Performing backpropagation manually#
Performing backpropagation manually in PyTorch involves computing gradients of a loss function with respect to model parameters using the chain rule. Let’s go through the steps to perform backpropagation manually:
1. Define the Model#
First, we define a simple neural network model. Here’s an example:
import torch
import torch.nn as nn
class SimpleNN(nn.Module):
def __init__(self):
super(SimpleNN, self).__init__()
self.fc1 = nn.Linear(10, 5)
self.fc2 = nn.Linear(5, 1)
def forward(self, x):
x = torch.relu(self.fc1(x))
x = self.fc2(x)
return x
# Instantiate the model
model = SimpleNN()
2. Define the Loss Function#
Next, we define a loss function.
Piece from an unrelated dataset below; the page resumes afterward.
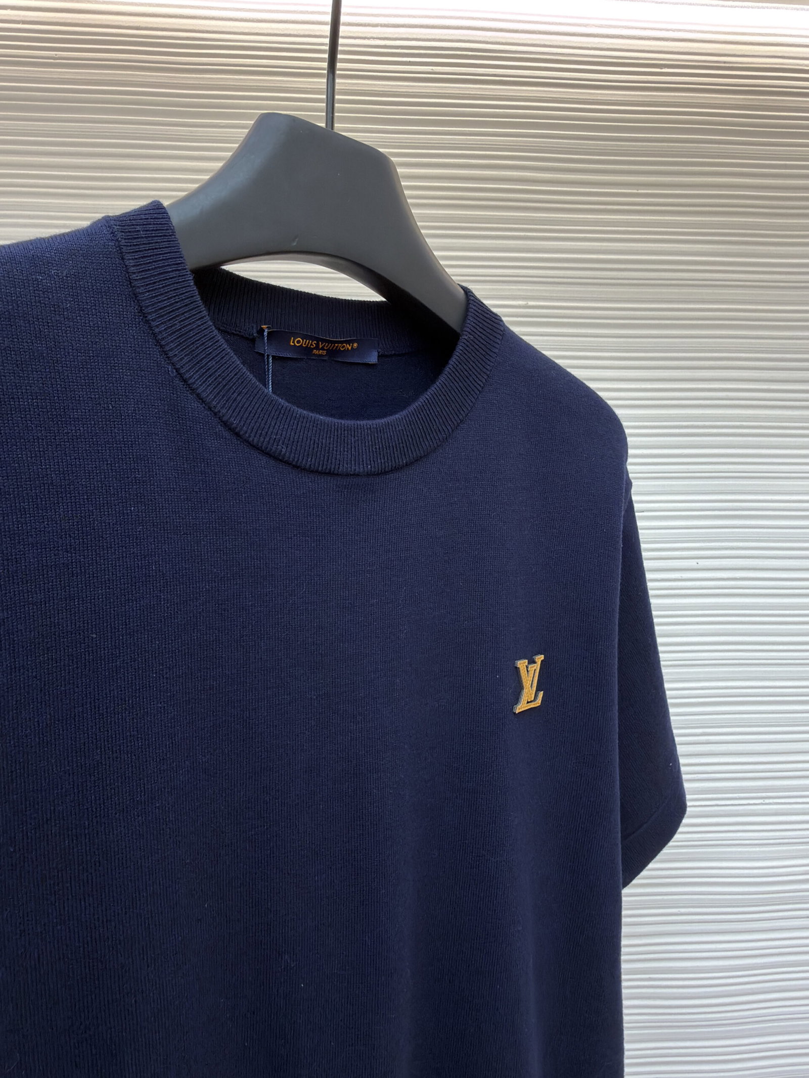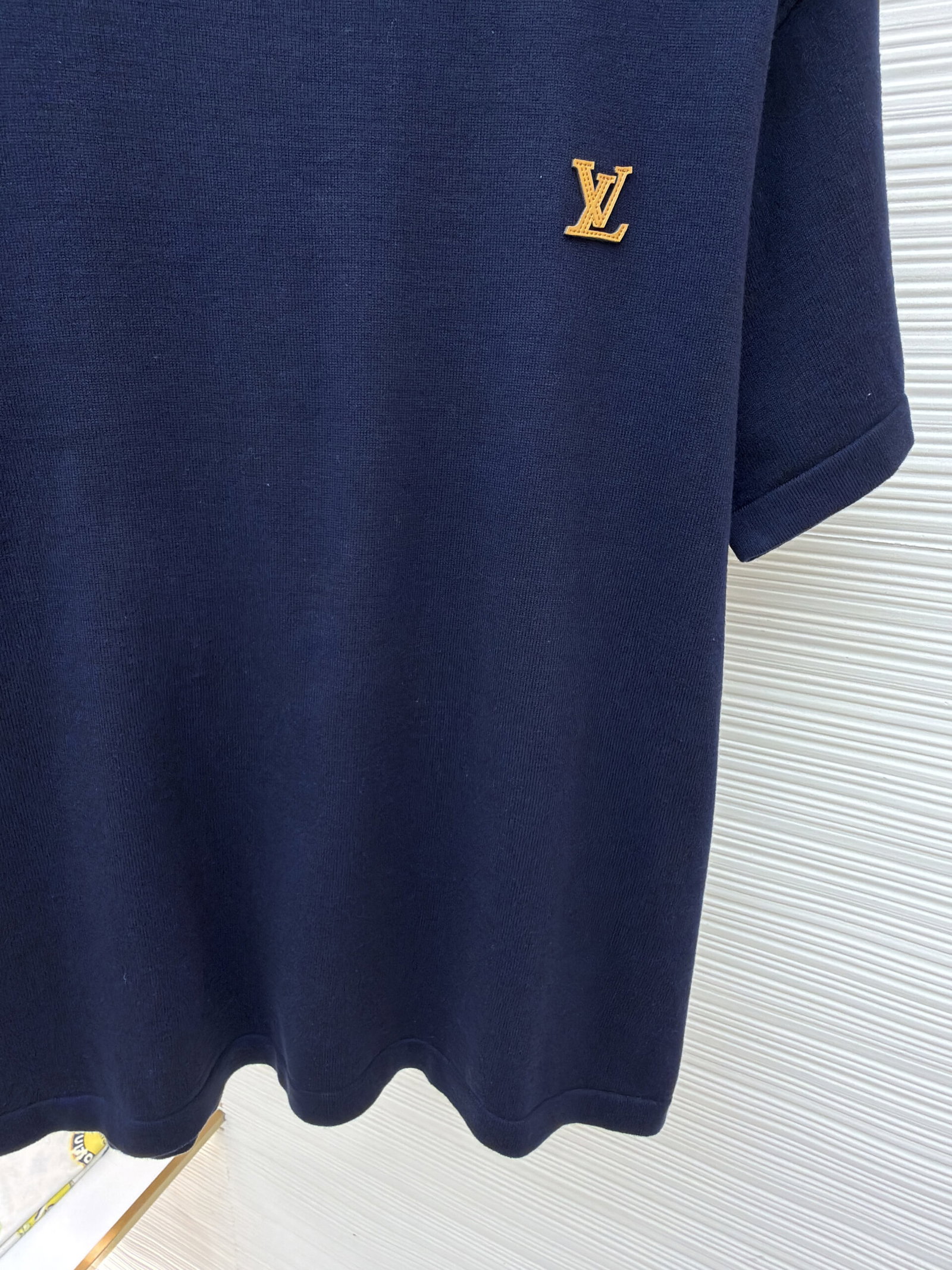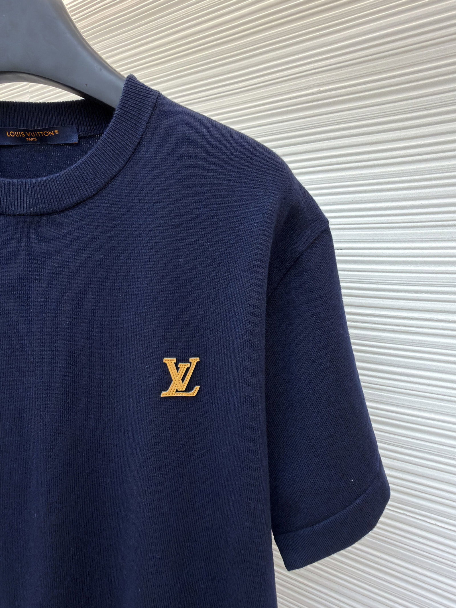 Louis Vuitton Leather logo loose Round neck T-shirt Navy ルイ ヴィトン レザー logo ゆったり クルーネック Tシャツ ネイビー

We’ll use Mean Squared Error (MSE) loss in this example:
criterion = nn.MSELoss()
3. Perform Forward Pass#
Now, we perform a forward pass through the model to compute predictions and the corresponding loss:
# Example input and target
input_data = torch.randn(1, 10)
target = torch.randn(1, 1)
# Forward pass
output = model(input_data)
loss = criterion(output, target)
4. Perform Backward Pass Manually#
After computing the loss, we manually perform the backward pass to compute gradients of the loss with respect to model parameters:
# Zero the gradients
model.zero_grad()
# Backward pass
loss.backward()
# Access gradients
for param in model.parameters():
print(param.grad)
Conclusion#
Performing backpropagation manually in PyTorch involves computing gradients of the loss function with respect to model parameters using the chain rule. By understanding the steps involved in manual backpropagation, we gain insight into how PyTorch handles gradient computation automatically during training. Manual backpropagation can be useful for debugging and understanding the inner workings of neural network training algorithms.